The voice was not loud, but clear and penetrating. I looked vainly up and down the narrow, darkening trail. No one in the fringe of alder ahead; no one on the gullied slope behind.
This time a little impatiently. The California classical vocative, “O,” always meant business.
I looked up, and perceived for the first time on the ledge, thirty feet above me, another trail parallel with my own, and looking down upon me through the buckeye bushes a small man on a black horse.
Five things to be here noted by the circumspect mountaineer. First, the locality,—lonely and inaccessible, and away from the regular faring of teamsters and miners. Secondly, the stranger’s superior knowledge of the road, from the fact that the other trail was unknown to the ordinary traveler. Thirdly, that he was well armed and equipped. Fourthly, that he was better mounted. Fifthly, that any distrust or timidity arising from the contemplation of these facts had better be kept to one’s self.
All this passed rapidly through my mind as I returned his salutation.
“Got any tobacco?” he asked.
I had, and signified the fact, holding up the pouch inquiringly.
“All right, I’ll come down. Ride on, and I’ll jine ye on the slide.”
“The slide!” Here was a new geographical discovery as odd as the second trail. I had ridden over the trail a dozen times, and seen no communication between the ledge and trail.

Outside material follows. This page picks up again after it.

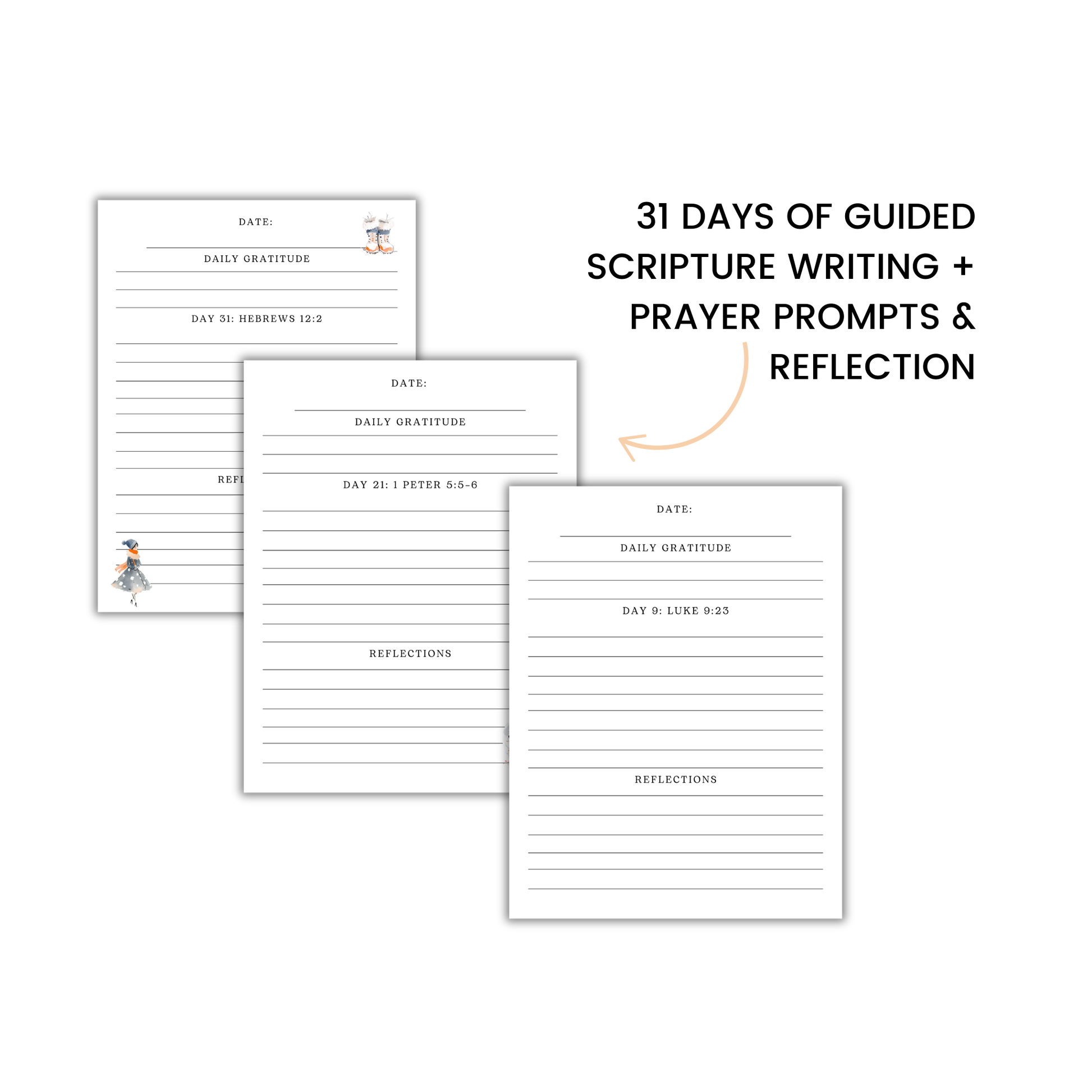 - Guided SOAP format pages (Scripture, Observation, Application, Prayer)

Nevertheless, I went on a hundred yards or so, when there was a sharp crackling in the underbrush, a shower of stones on the trail, and my friend plunged through the bushes to my side, down a grade that I should scarcely have dared to lead my horse. There was no doubt he was an accomplished rider,—another fact to be noted.
As he ranged beside me, I found I was not mistaken as to his size; he was quite under the medium height, and but for a pair of cold, gray eyes, was rather commonplace in feature.

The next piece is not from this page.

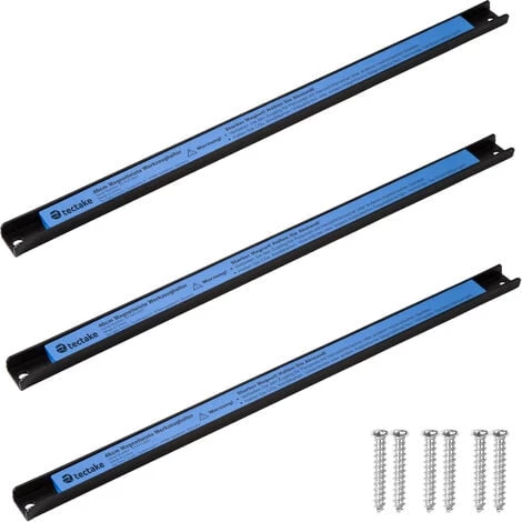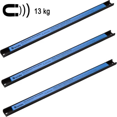 Set de 3 Barres magnétiques, Porte-outils mural en Acier Bleu TECTAKE. • Vous aimez que vos outils soient toujours rangés et à portée de main ? • Avec cette barre magnétique porte outils, vous savez tout de suite où se trouve l’outil dont vous avez besoin. • Marteaux, scies, pinces, niveaux à bulle et tournevis s’y fixent sans problème. • Plus besoin de fouiller dans votre tiroir à chaque fois. • La barre se visse au mur en toute simplicité et supporte aisément une charge de 20 fois son propre poids. • Les outils lourds comme les petits sachets de vis peuvent y être attachés. • Idéale pour votre atelier, votre cave, votre garage ou tout autre espace de rangement.

“You’ve got a good horse there,” I suggested.
He was filling his pipe from my pouch, but looked up a little surprised, and said, “Of course.” He then puffed away with the nervous eagerness of a man long deprived of that sedative. Finally, between the puffs, he asked me whence I came.
I replied, “From Lagrange.”
He looked at me a few moments curiously, but on my adding that I had only halted there for a few hours, he said: “I thought I knew every man between Lagrange and Indian Spring, but somehow I sorter disremember your face and your name.”
Not particularly caring that he should remember either, I replied half laughingly, that, as I lived the other side of Indian Spring, it was quite natural. He took the rebuff, if such it was, so quietly that as an act of mere perfunctory politeness I asked him where he came from.
“And you are going to—”
“Well! that depends pretty much on how things pan out, and whether I can make the riffle.” He let his hand rest quite unconsciously on the leathern holster of his dragoon revolver, yet with a strong suggestion to me of his ability “to make the riffle” if he wanted to, and added: “But just now I was reck’nin’ on taking a little pasear with you.”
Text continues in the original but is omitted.